Data records:

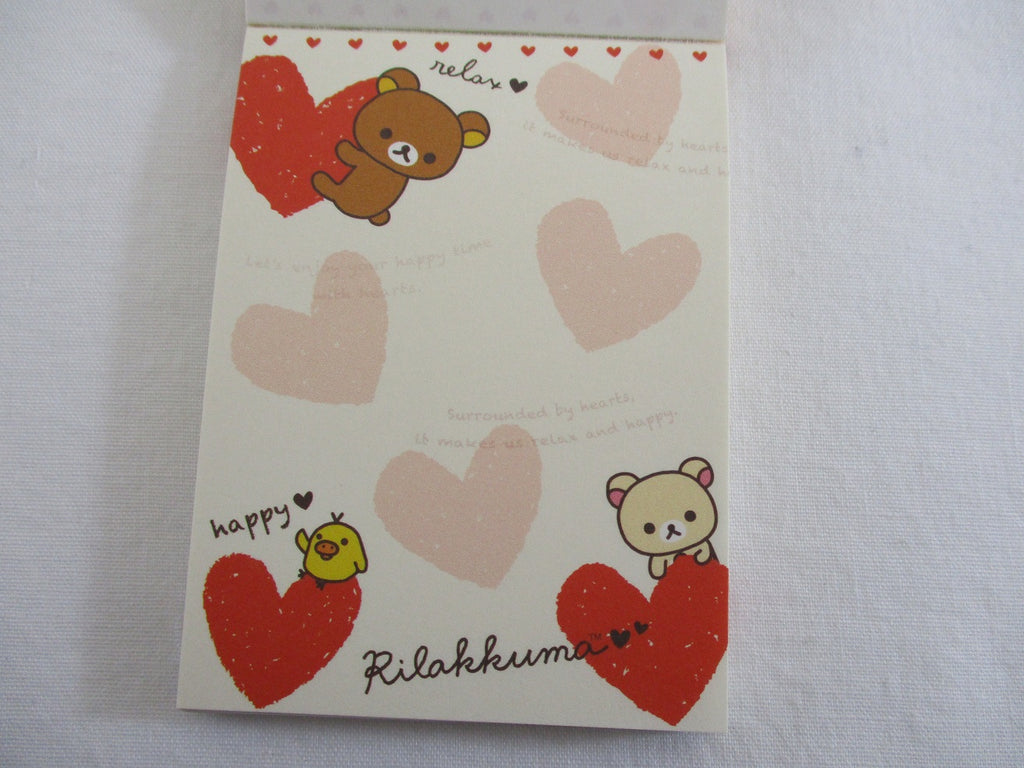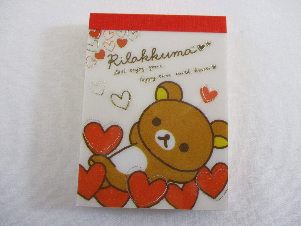 Cute Kawaii San-X Rilakkuma Bear Hearts Mini Notepad / Memo Pad - A - Stationery Writing Message
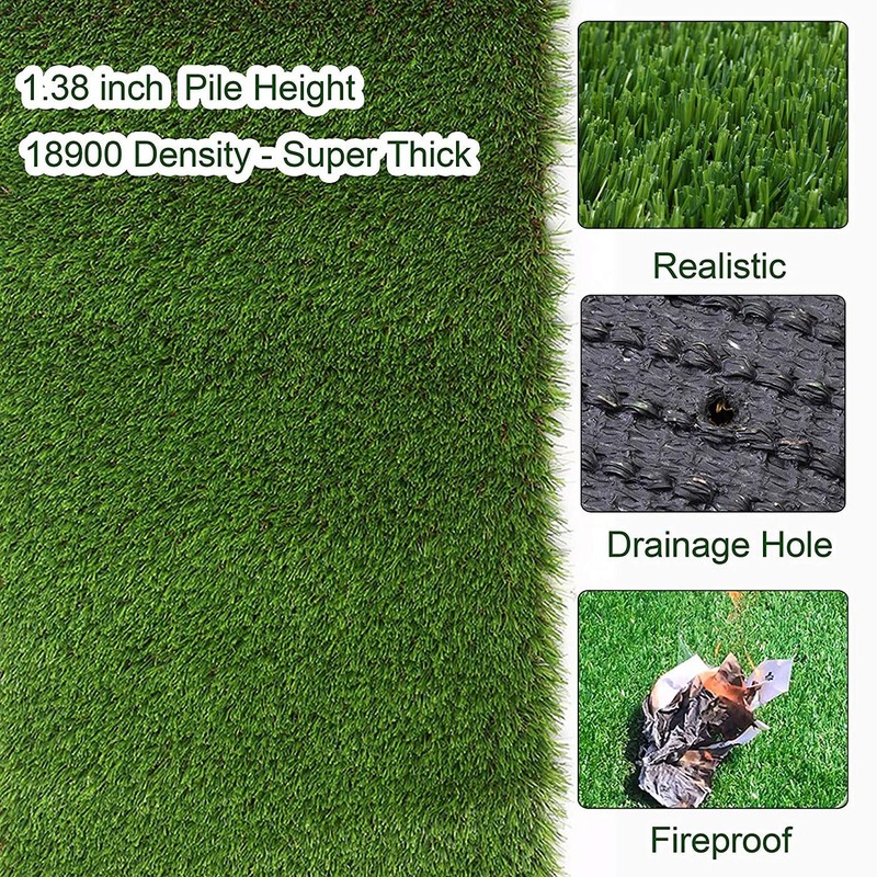 - THICK & REALISTIC ARTIFICAL GRASS RUG: Grass height about 1.37” in length, 70 oz total weight per square yard, high-density artificial grass. With 4-tone color, soft and lush and the thatch looks & feels like real grass. Providing you with year round green and turf enjoyment, perfect for all indoor and outdoor projects.
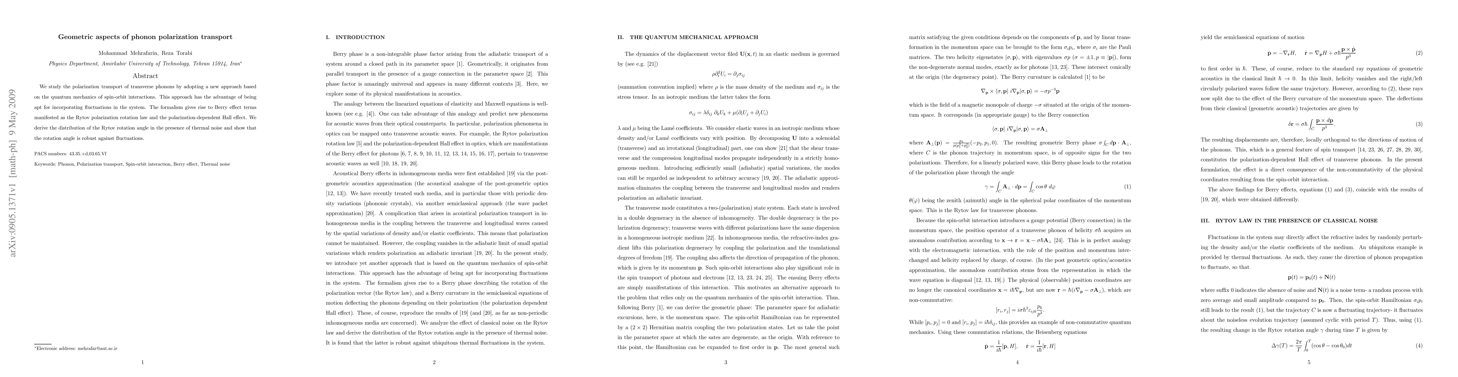 We study the polarization transport of transverse phonons by adopting a new approach based on the quantum mechanics of spin-orbit interactions. This approach has the advantage of being apt for incorporating fluctuations in the system. The formalism gives rise to Berry effect terms manifested as the Rytov polarization rotation law and the polarization-dependent Hall effect. We derive the distribution of the Rytov rotation angle in the presence of thermal noise and show that the rotation angle is robust against fluctuations.
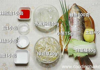 步骤1准备食材:鲤鱼800克、土豆40g、水发粉丝40g、白菜梗40g、绿豆芽30g、小葱15g、味精1小匙、盐1小匙、白醋1小匙、辣椒油1小匙 。步骤2鲤鱼去鳞,洗净后剔掉鱼骨,再去掉鱼皮,切成片,改刀切丝 。步骤3土豆切丝 。步骤4白菜...
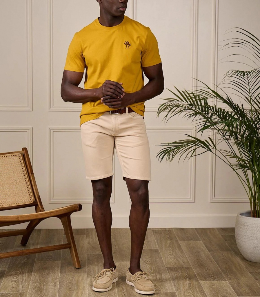 Prêt pour les beaux jours ? Adoptez ce bermuda denim dans son coloris beige tendance !. Réalisé en coton et polyester avec une touche d’élasthanne, ce modèle confortable est l’indispensable des looks chics et décontractés. Pour un style sans faille, il présente plusieurs poches à l’avant et à l’arrière pour ranger vos objets essentiels. Un jacron MISE AU GREEN signe l’ensemble.
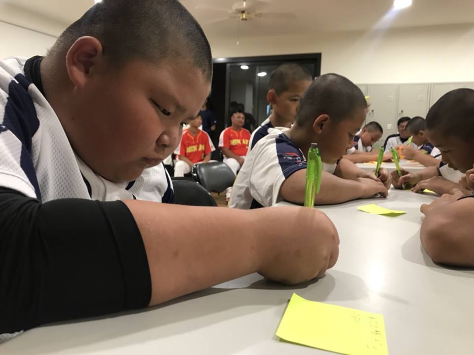 這次移地訓練中我們增加「賽後PILOT正向引導課程」,邀請專業Pilot講師在比賽時紀錄孩子的情緒變化與做決定的過程,賽後再將記錄回放和小將們討論。
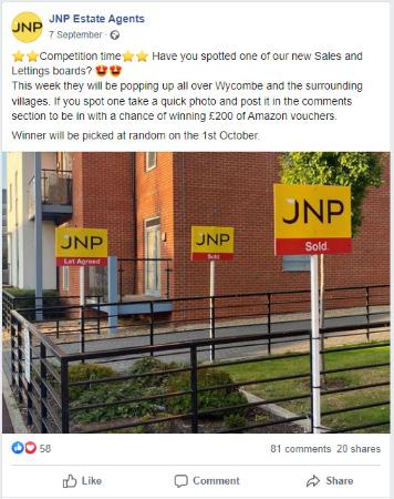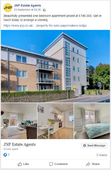 JNP’s social media posts are a mixture of property details using multiple images or video, competitions, and good news stories from colleagues at the various JNP branches – awards, good reviews and customer feedback.
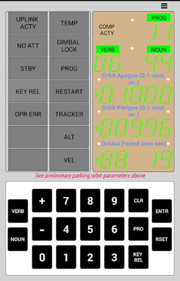 As a bonus, you will be able to type in a small subset of the actual commands that the astronauts entered into the AGC via the DSKY and see relevant results.
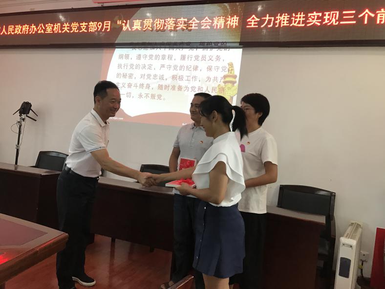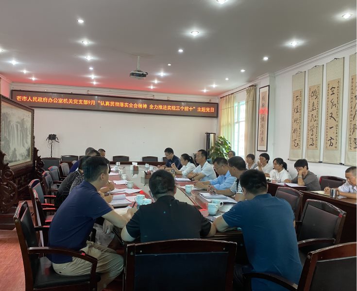 9月7日,市政府办机关党支部组织全体机关党员干部开展“认真贯彻落实州市全会精神,全力推进力争实现三个前十”的9月主题党日活动,市委书记、市长毛晓以党员身份参加了主题党日活动。
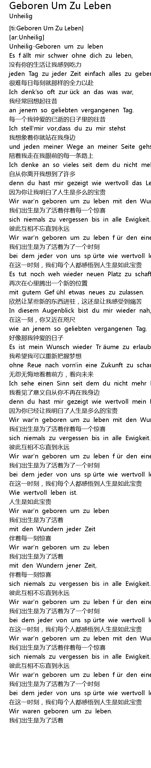 | [00:02.682] | UnheiligGeboren um zu leben |
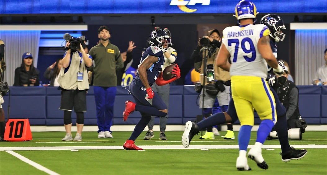 11/7/21 INGLEWOOD, CA -The Los Angeles Rams, with a record of 7-1, hosted the Tennessee Titans 6-2, and lost 28-16 on Sunday Night Football, with Matthew Stafford not having a good game at SoFi Stadium.
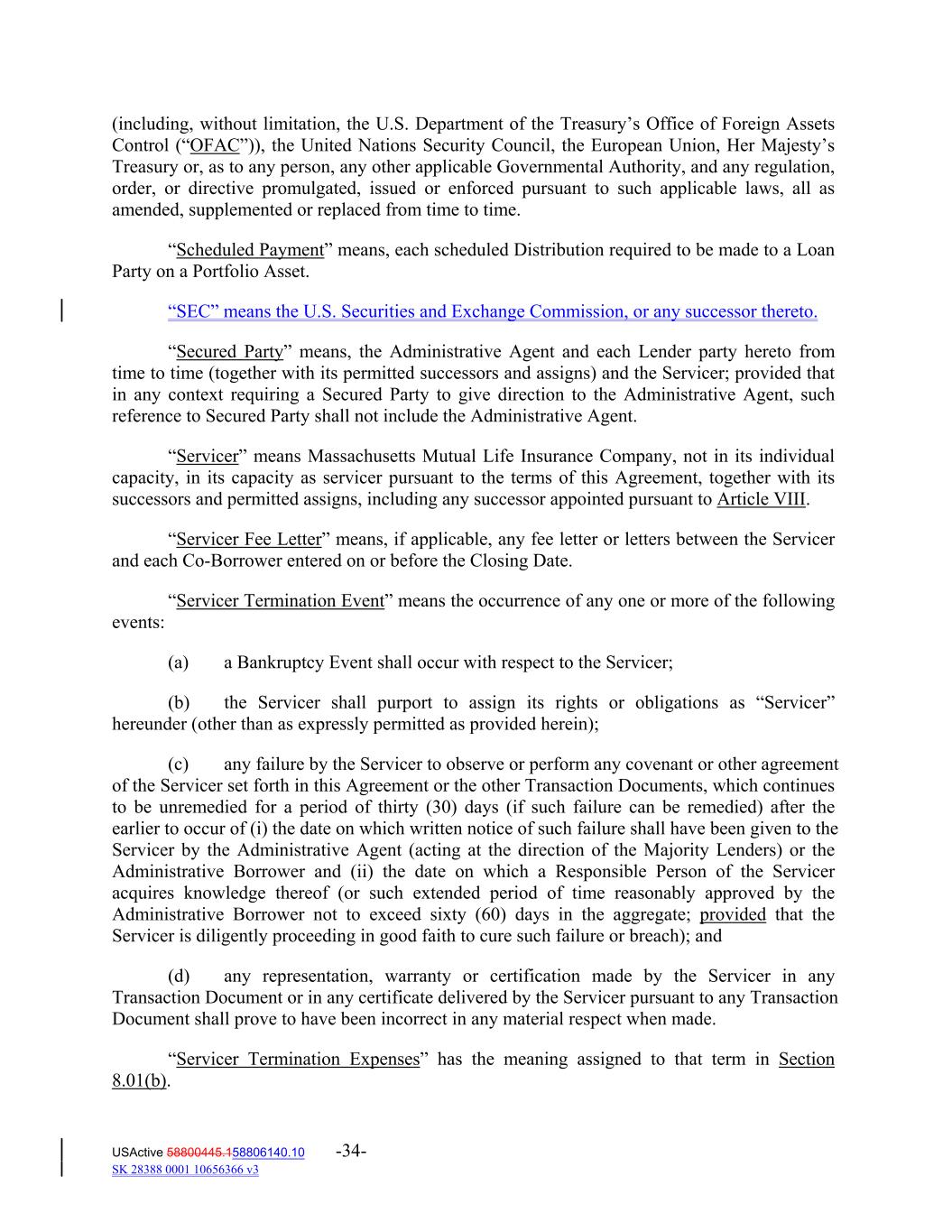 (including, without limitation, the U.S. Department of the Treasury’s Office of Foreign Assets Control (“OFAC”)), the United Nations Security Council, the European Union, Her Majesty’s Treasury or, as to any person, any other applicable Governmental Authority, and any regulation, order, or directive promulgated, issued or enforced pursuant to such applicable laws, all as amended, supplemented or replaced from time to time. “Scheduled Payment” means, each scheduled Distribution required to be made to a Loan Party on a Portfolio Asset. “SEC” means the U.S. Securities and Exchange Commission, or any successor thereto. “Secured Party” means, the Administrative Agent and each Lender party hereto from time to time (together with its permitted successors and assigns) and the Servicer; provided that in any context requiring a Secured Party to give direction to the Administrative Agent, such reference to Secured Party shall not include the Administrative Agent. “Servicer” means Massachusetts Mutual Life Insurance Company, not in its individual capacity, in its capacity as servicer pursuant to the terms of this Agreement, together with its successors and permitted assigns, including any successor appointed pursuant to Article VIII. “Servicer Fee Letter” means, if applicable, any fee letter or letters between the Servicer and each Co‐Borrower entered on or before the Closing Date. “Servicer Termination Event” means the occurrence of any one or more of the following events: (a) a Bankruptcy Event shall occur with respect to the Servicer; (b) the Servicer shall purport to assign its rights or obligations as “Servicer” hereunder (other than as expressly permitted as provided herein); (c) any failure by the Servicer to observe or perform any covenant or other agreement of the Servicer set forth in this Agreement or the other Transaction Documents, which continues to be unremedied for a period of thirty (30) days (if such failure can be remedied) after the earlier to occur of (i) the date on which written notice of such failure shall have been given to the Servicer by the Administrative Agent (acting at the direction of the Majority Lenders) or the Administrative Borrower and (ii) the date on which a Responsible Person of the Servicer acquires knowledge thereof (or such extended period of time reasonably approved by the Administrative Borrower not to exceed sixty (60) days in the aggregate; provided that the Servicer is diligently proceeding in good faith to cure such failure or breach); and (d) any representation, warranty or certification made by the Servicer in any Transaction Document or in any certificate delivered by the Servicer pursuant to any Transaction Document shall prove to have been incorrect in any material respect when made. “Servicer Termination Expenses” has the meaning assigned to that term in Section 8.01(b). USActive 58800445.158806140.10 -34- SK 28388 0001 10656366 v3
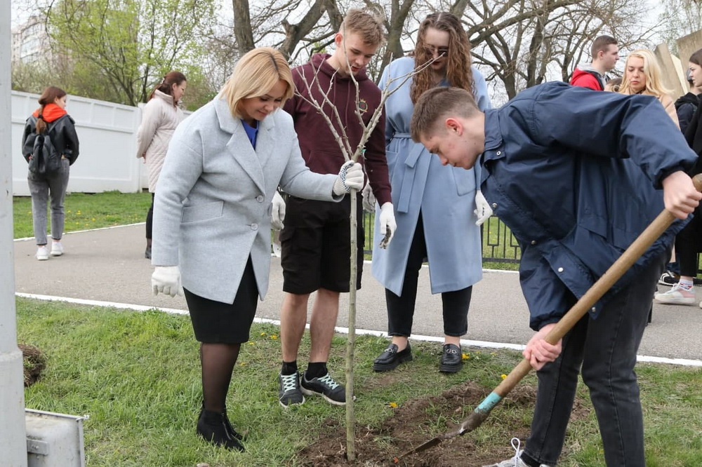 Школьники и студенты вместе с общественниками высадили зелёные насаждения у Мемориала Памяти и Скорби. Там появилась аллея белых гибискусов.
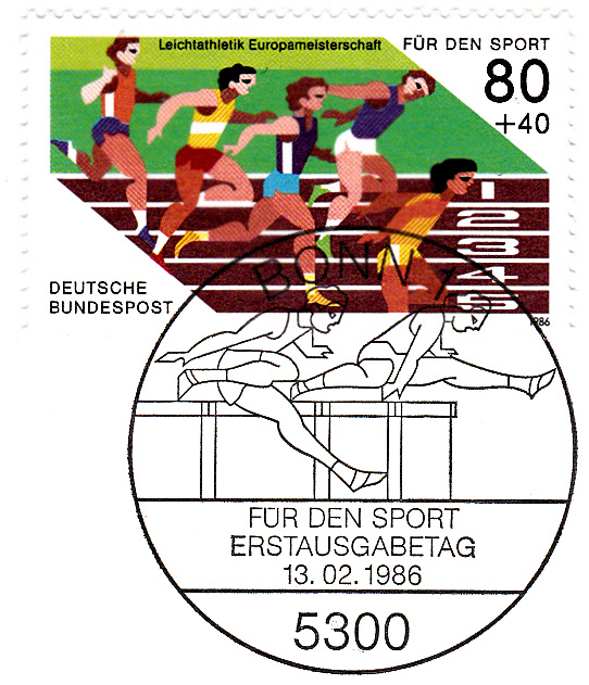 Die Zuschlagsmarke "Für den Sport" zu 80Pf+40Pf der Deutschen Bundespost aus dem Jahre 1986 (MiNr 1269) ist zu den Leichtathletik-Europameisterschaften erschienen und zeigt Kurzstreckenläufer am Ziel. Hier eine Marke mit dem Ersttagsonderstempel Bonn.
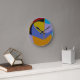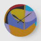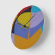 This contemporary clock features an abstract interplay of yellow and purple forms. The vibrant complementary palette establishes dynamic tension and harmony, while clean shapes add structure and movement. A functional artwork that energizes any modern space.
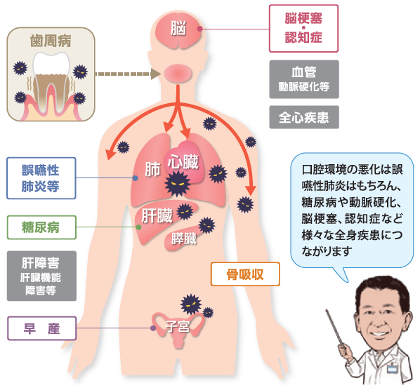 最近の研究で、歯周病が全身に悪影響を及ぼすことが次々と報告されています。歯周病菌が産生するLPS(内毒素)が歯周組織を破壊し、血流を通して全身に伝播されることで悪影響が及ぼします。

Required work: Write out the data precisely as given, excluding the pictures.

Solved exercise:
 Cute Kawaii San-X Rilakkuma Bear Hearts Mini Notepad / Memo Pad - A - Stationery Writing Message
 - THICK & REALISTIC ARTIFICAL GRASS RUG: Grass height about 1.37” in length, 70 oz total weight per square yard, high-density artificial grass. With 4-tone color, soft and lush and the thatch looks & feels like real grass. Providing you with year round green and turf enjoyment, perfect for all indoor and outdoor projects.
 We study the polarization transport of transverse phonons by adopting a new approach based on the quantum mechanics of spin-orbit interactions. This approach has the advantage of being apt for incorporating fluctuations in the system. The formalism gives rise to Berry effect terms manifested as the Rytov polarization rotation law and the polarization-dependent Hall effect. We derive the distribution of the Rytov rotation angle in the presence of thermal noise and show that the rotation angle is robust against fluctuations.
 步骤1准备食材:鲤鱼800克、土豆40g、水发粉丝40g、白菜梗40g、绿豆芽30g、小葱15g、味精1小匙、盐1小匙、白醋1小匙、辣椒油1小匙 。步骤2鲤鱼去鳞,洗净后剔掉鱼骨,再去掉鱼皮,切成片,改刀切丝 。步骤3土豆切丝 。步骤4白菜...
 Prêt pour les beaux jours ? Adoptez ce bermuda denim dans son coloris beige tendance !. Réalisé en coton et polyester avec une touche d’élasthanne, ce modèle confortable est l’indispensable des looks chics et décontractés. Pour un style sans faille, il présente plusieurs poches à l’avant et à l’arrière pour ranger vos objets essentiels. Un jacron MISE AU GREEN signe l’ensemble.
 這次移地訓練中我們增加「賽後PILOT正向引導課程」,邀請專業Pilot講師在比賽時紀錄孩子的情緒變化與做決定的過程,賽後再將記錄回放和小將們討論。
 JNP’s social media posts are a mixture of property details using multiple images or video, competitions, and good news stories from colleagues at the various JNP branches – awards, good reviews and customer feedback.
 As a bonus, you will be able to type in a small subset of the actual commands that the astronauts entered into the AGC via the DSKY and see relevant results.
 9月7日,市政府办机关党支部组织全体机关党员干部开展“认真贯彻落实州市全会精神,全力推进力争实现三个前十”的9月主题党日活动,市委书记、市长毛晓以党员身份参加了主题党日活动。
 | [00:02.682] | UnheiligGeboren um zu leben |
 11/7/21 INGLEWOOD, CA -The Los Angeles Rams, with a record of 7-1, hosted the Tennessee Titans 6-2, and lost 28-16 on Sunday Night Football, with Matthew Stafford not having a good game at SoFi Stadium.
 (including, without limitation, the U.S. Department of the Treasury’s Office of Foreign Assets Control (“OFAC”)), the United Nations Security Council, the European Union, Her Majesty’s Treasury or, as to any person, any other applicable Governmental Authority, and any regulation, order, or directive promulgated, issued or enforced pursuant to such applicable laws, all as amended, supplemented or replaced from time to time. “Scheduled Payment” means, each scheduled Distribution required to be made to a Loan Party on a Portfolio Asset. “SEC” means the U.S. Securities and Exchange Commission, or any successor thereto. “Secured Party” means, the Administrative Agent and each Lender party hereto from time to time (together with its permitted successors and assigns) and the Servicer; provided that in any context requiring a Secured Party to give direction to the Administrative Agent, such reference to Secured Party shall not include the Administrative Agent. “Servicer” means Massachusetts Mutual Life Insurance Company, not in its individual capacity, in its capacity as servicer pursuant to the terms of this Agreement, together with its successors and permitted assigns, including any successor appointed pursuant to Article VIII. “Servicer Fee Letter” means, if applicable, any fee letter or letters between the Servicer and each Co‐Borrower entered on or before the Closing Date. “Servicer Termination Event” means the occurrence of any one or more of the following events: (a) a Bankruptcy Event shall occur with respect to the Servicer; (b) the Servicer shall purport to assign its rights or obligations as “Servicer” hereunder (other than as expressly permitted as provided herein); (c) any failure by the Servicer to observe or perform any covenant or other agreement of the Servicer set forth in this Agreement or the other Transaction Documents, which continues to be unremedied for a period of thirty (30) days (if such failure can be remedied) after the earlier to occur of (i) the date on which written notice of such failure shall have been given to the Servicer by the Administrative Agent (acting at the direction of the Majority Lenders) or the Administrative Borrower and (ii) the date on which a Responsible Person of the Servicer acquires knowledge thereof (or such extended period of time reasonably approved by the Administrative Borrower not to exceed sixty (60) days in the aggregate; provided that the Servicer is diligently proceeding in good faith to cure such failure or breach); and (d) any representation, warranty or certification made by the Servicer in any Transaction Document or in any certificate delivered by the Servicer pursuant to any Transaction Document shall prove to have been incorrect in any material respect when made. “Servicer Termination Expenses” has the meaning assigned to that term in Section 8.01(b). USActive 58800445.158806140.10 -34- SK 28388 0001 10656366 v3
 Школьники и студенты вместе с общественниками высадили зелёные насаждения у Мемориала Памяти и Скорби. Там появилась аллея белых гибискусов.
 Die Zuschlagsmarke "Für den Sport" zu 80Pf+40Pf der Deutschen Bundespost aus dem Jahre 1986 (MiNr 1269) ist zu den Leichtathletik-Europameisterschaften erschienen und zeigt Kurzstreckenläufer am Ziel. Hier eine Marke mit dem Ersttagsonderstempel Bonn.
 This contemporary clock features an abstract interplay of yellow and purple forms. The vibrant complementary palette establishes dynamic tension and harmony, while clean shapes add structure and movement. A functional artwork that energizes any modern space.
 最近の研究で、歯周病が全身に悪影響を及ぼすことが次々と報告されています。歯周病菌が産生するLPS(内毒素)が歯周組織を破壊し、血流を通して全身に伝播されることで悪影響が及ぼします。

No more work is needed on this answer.